• RECORDS SUPPLIED:
Start of Block
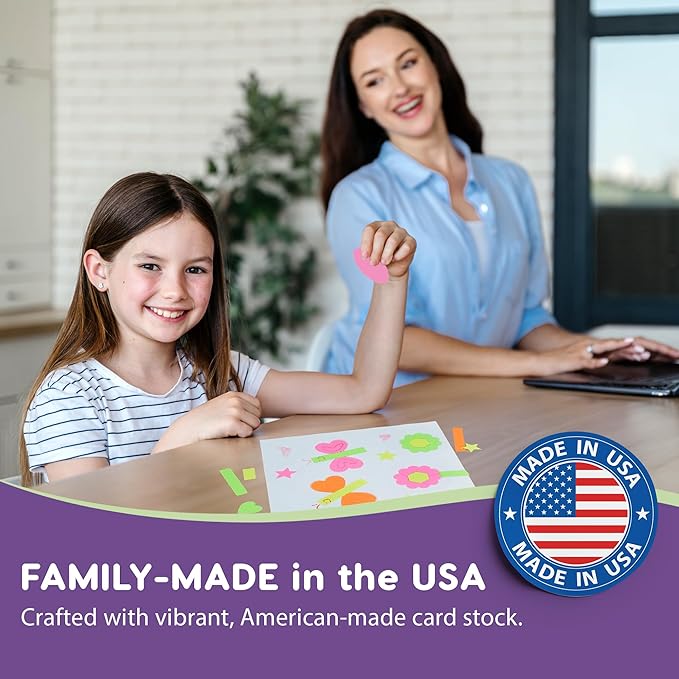 - DURABILITY OF HIGH-QUALITY CARD STOCK: Each set includes 16 sheets of sturdy, US-made high-quality card stock that holds easy punch-out shapes. The card stock comes in four bright NEON colors, adding a vibrant touch to your projects. With a total of 676 pieces, you'll have plenty of shapes to fuel your creativity. Our products are not printed, not construction paper, and not foam shapes—ensuring that you get the highest quality materials for your crafting needs.
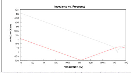 图1.放大器的电源线会拾取RF信号。图中数据表明1μF电容的对地阻抗低于10pF的阻抗,提供更好的噪音抑制能力
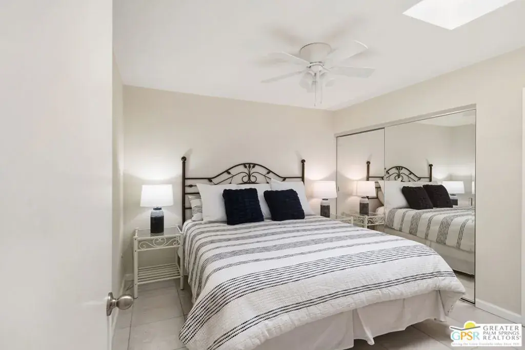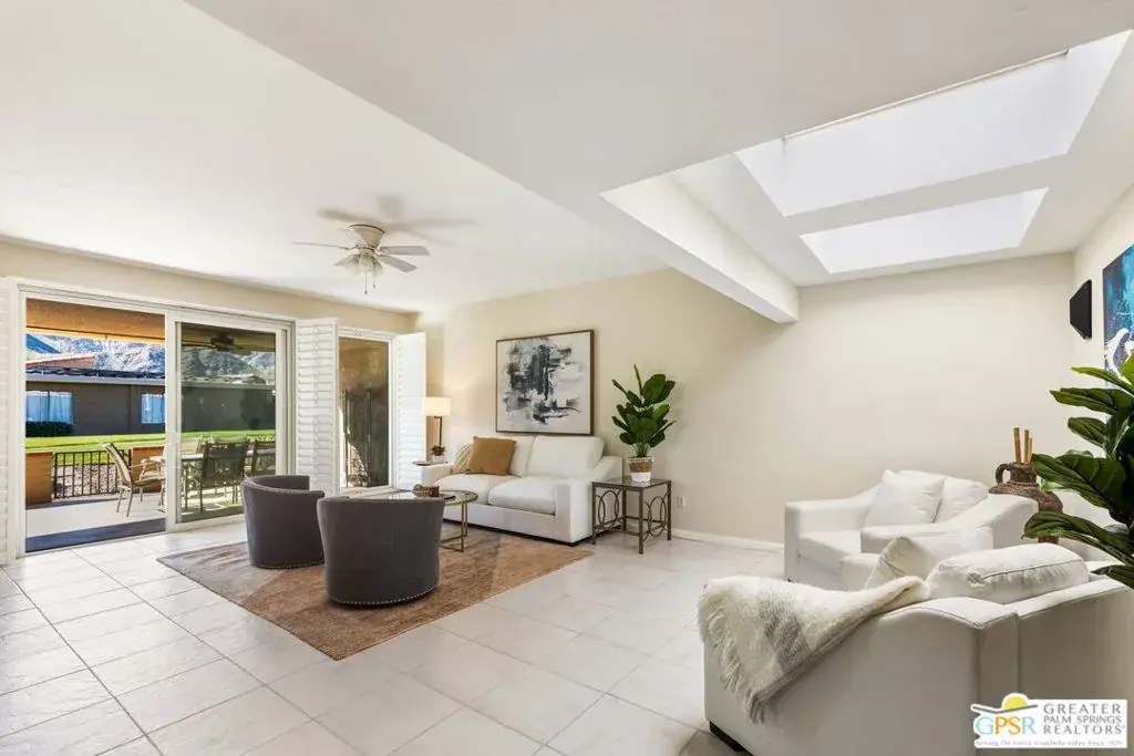 Welcome to effortless desert living in the heart of Sunrise Country Club in Rancho Mirage. This home-like 3-bedroom condo is ideally positioned in a quiet, interior location, facing a lush greenbelt with gorgeous panoramic mountain views, a setting that delivers both privacy and wow-factor. Inside, the residence is filled with natural light and thoughtfully updated throughout. The remodeled kitchen, featuring quartz countertops and mountain views, pairs beautifully with the updated finishes, while the remodeled bathrooms blend style and function. Ceramic tile flooring flows through the main living areas for a clean, cohesive look. Generous room sizes and a smart floorplan give the home a true single-family feel, enhanced by a remarkable amount of storage rarely found in condo living. In addition to a large primary suite and spacious guest bedroom, the third bedroom offers outstanding versatility with a custom built-in Murphy bed, integrated storage, and an additional built-in desk, ideal for guests, a home office, or flex space. An oversized rear patio creates an exceptional indoor-outdoor living experience, perfectly positioned to capture the lush greenbelt and sweeping panoramic mountain views. It’s an ideal setting for entertaining, dining al fresco, or simply enjoying the serenity of this quiet, tucked-away location. A private two-car garage adds everyday convenience and features abundant built-in storage cabinetry, providing exceptional space for organization, hobbies, or seasonal itemsan uncommon bonus in condo living. Practical upgrades include newer windows, newer A/C, and a newer water heater, offering comfort and peace of mind. Set within the guard-gated Sunrise Country Club, residents enjoy access to golf, pools and spas, tennis, pickleball, a clubhouse, and an active social scene, all just minutes from world-class dining, shopping, and entertainment. This is the rare combination of views, light, updates, storage, and location, desert living at its best.
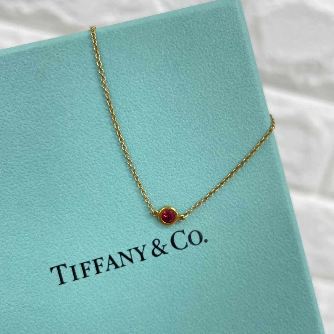 イエローゴールドのチェーンに1粒のルビーがセッティングされたデザインになっており、シンプルで素敵なネックレスですね!
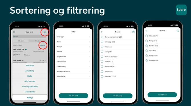 Å komme i gang med sparing i fond er nesten like enkelt som å pynte juletreet. Hos oss heter fondsbutikken Spare og har du lastet ned den, er du godt på vei! Her finner du all sparing og pensjon du har i DNB i dag, og du finner enkle løsninger for å kjøpe fond og å opprette en spareavtale. Og akkurat som i nettbutikken finnes det også her sorterings og filtrerings funksjoner som hjelper deg med å finne riktig fond.
End of Block
• PROBLEM REQUIREMENTS: Your task is to repeat exactly the lines from the beginning of the data to the line that contains "图1.放大器的电源线会拾取R", both ends included, leaving out pictures.

• WRITTEN RESPONSE:
 - DURABILITY OF HIGH-QUALITY CARD STOCK: Each set includes 16 sheets of sturdy, US-made high-quality card stock that holds easy punch-out shapes. The card stock comes in four bright NEON colors, adding a vibrant touch to your projects. With a total of 676 pieces, you'll have plenty of shapes to fuel your creativity. Our products are not printed, not construction paper, and not foam shapes—ensuring that you get the highest quality materials for your crafting needs.
 图1.放大器的电源线会拾取RF信号。图中数据表明1μF电容的对地阻抗低于10pF的阻抗,提供更好的噪音抑制能力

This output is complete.